As a starting point, I chose to use a decision tree classifier. I had practice with decision trees from prior assignments with binary classification, and similarly, this project also required binary classification, as well as because decision trees are fairly efficient. For the decision tree classifier, I tried a small max depth, a mid sized max depth, and a large max depth. Afterward, I tried the two tree-based ensemble methods as well, Random Forest (the sklearn version) and AdaBoost. I thought it would be interesting to compare the various tree-based classifiers we had learned about in class. Finally, I chose K Nearest Neighbors for a distance-based rather than tree-based approach.

Hyperparameters

  • For Decision Tree Classifier: max_depth=5, random_state=1
  • For Random Forest Classifier: max_depth=20, random_state=1
  • For AdaBoost Classifier: n_estimators=1000, random_state=1
  • For K Neighbors Classifier: n_neighbors=4

Final Choice Model

My final model choice was the Random Forest Classifier, because out of all the models chosen, Random Forest had the best validation data set accuracy.

Performance

ROC Curves (shown in the notebook) summarize the trade-off between the true positive rate and false positive rate for a predictive model using different probability thresholds. Classifiers that give curves closer to the top-left corner of the plot indicate a better performance, and based on this, the Random Forest classifier has the best performance out of all the models because its curve is closest to the top left. The small decision tree with max depth of 2 has the worst performance, as it is closest to the baseline with no predictive value (farthest from the top left corner out of all the models).

Feature Selection

The features I used were:

features = [
'course_id',
'registered',
'viewed',
'explored',
'LoE_DI',
'YoB',
'gender',
'nevents',
'ndays_act',
'nplay_video',
'nchapters',
'nforum_posts',
]

  • course id: institution, course name, semester
  • registered: 0/1; registered for course = 1
  • viewed: 0/1; anyone who accessed the ‘Courseware’ tab
  • explored: 0/1; anyone who accessed at least half of the chapters
  • LoE_DI: user provided highest level of education
  • YoB: user provided year of birth
  • gender: user provided gender m, f, or o
  • nevents: number of interactions with the course
  • ndays_act: number of unique days student interacted with course
  • nplay_video: number of play video events within the course
  • nchapters: number of chapters with which the student interacted
  • nforum_posts: number of posts to the Discussion Forum.
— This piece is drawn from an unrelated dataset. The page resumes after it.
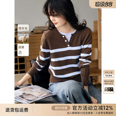 XWI欣未含羊毛假两件拼色针织衫女秋季怀旧美学慵懒松弛套头上衣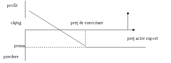 Operatorul achizitioneaza dreptul de a vinde suportul la (pana la) scadenta la pretul de exercitiu (E), platind imediat prima (P). Se spera ca cursul suportului va scadea. Optiunea ii limiteaza pierderea la marimea primei si ii ofera posibilitatea unui castig nelimitat in cazul scaderii cursului. Pentru cumparator, prima reprezinta un cost care se suporta indiferent daca contractul se exercita sau nu.

I chose not to reformat the data for unknowns and decided to keep the 'unk' and -1 representing unknowns as is because I did not want to place any assumptions that would mis-categorize all unknowns for a feature and skew the data. Because many categories had non-numerical data, for preprocessing I used one-hot encoding via the get_dummies() method; though it introduced sparsity into the dataset, it resulted in numerical values for the non-numerical categories.

When analyzing the features used in my final model, the majority of the important features seemed to be non-user-provided features, focusing on the user's interactions with the course and participation. However, some user-provided features were also considered such as highest level of education, year of birth, and gender.

Predictions

To improve my initial predictions, I first changed my approach from a decision tree classifier to the better-performing random forest classifier. I changed the features to be considered for the model (focusing on removing any possible user-submitted features gradually). I also tuned my random forest max depth hyperparameter, choosing the one that resulted in the best validation data accuracy.